Conheço-os, de vista, há já alguns anos. Dir-se-ia até que são bem pouco simpáticos. No elevador, bom dia, boa tarde de sorriso ausente. Eles, e o cãozito de raça indefinida. Altos, magros, denunciando rigor no que comem e bom gosto discreto no vestir. Podiam até nem ser portugueses. Usam, aliás, o ar altaneiro próprio dos colonos anglo-saxónicos, que não provoca, nem permite, conversas de circunstância.
Marido e mulher, parecem, todavia, senão gémeos, pelo menos irmãos. A idade acentua-lhes as semelhanças. Envelhecem ambos como secam as flores dentro dos livros, preservando-nos a exacta memória do que foram.

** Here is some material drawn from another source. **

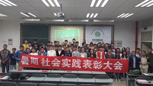 大会快接近尾声,苏梅,张宗国,赵军学,王扬成等人也对实践做出总结。最后由杨青学姐对大会总结,精彩的演讲过后,由田野主席颁发奖状,台下的每个人都是激动与羡慕的。当活动结束后,所有人站在一起合照,辛苦的实践让大家更加团结和睦。
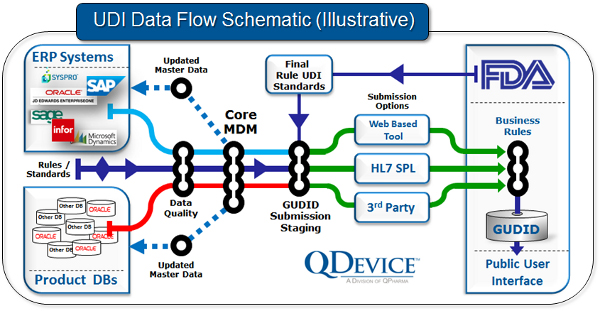 Som en del av systemet er de som ansvarlig for merking pålagt å levere informasjon til den FDA administrerte «Global Unique Device Identification Database», GUDID. GUDID vil inkludere et standard sett med grunnleggende identifikasjons-elementer for hvert utstyr som har en UDI, og inneholder kun informasjon om UI (DI). Det er UI som vil være nøkkelen for å finne informasjon om utstyret i databasen. PI (produksjonsidentifikatorer) er ikke en del av GUDID. Mesteparten av informasjonen vil gjøres offentlig slik at brukere av medisinsk utstyr enkelt kan finne informasjon om et utstyr. En UDI indikerer ikke, og GUDID databasen inneholder ikke, noe informasjon om aktører som bruker et utstyr.

Ontem, caminhava desalmadamente pelo parque urbano, quando se atravessaram, suaves, no meu caminho, ignorando-me ostensivamente. Qual hamster na roda, passei várias vezes pelo banco onde se haviam sentado. Na minha primeira volta, ambos olhavam o fim do dia, em silêncio. Nas seguintes, ela deitara-se, cabeça no colo dele, procurando com o rosto, os últimos raios de sol. Não percebi se falavam, mas sei que se ouviam.
De «Wendy e Lucy», a sua realizadora, Kelly Reichardt dizia ontem ao Ípsilon: «Num mundo ideal, penso que se tirarmos todos os diálogos, um filme ainda funciona».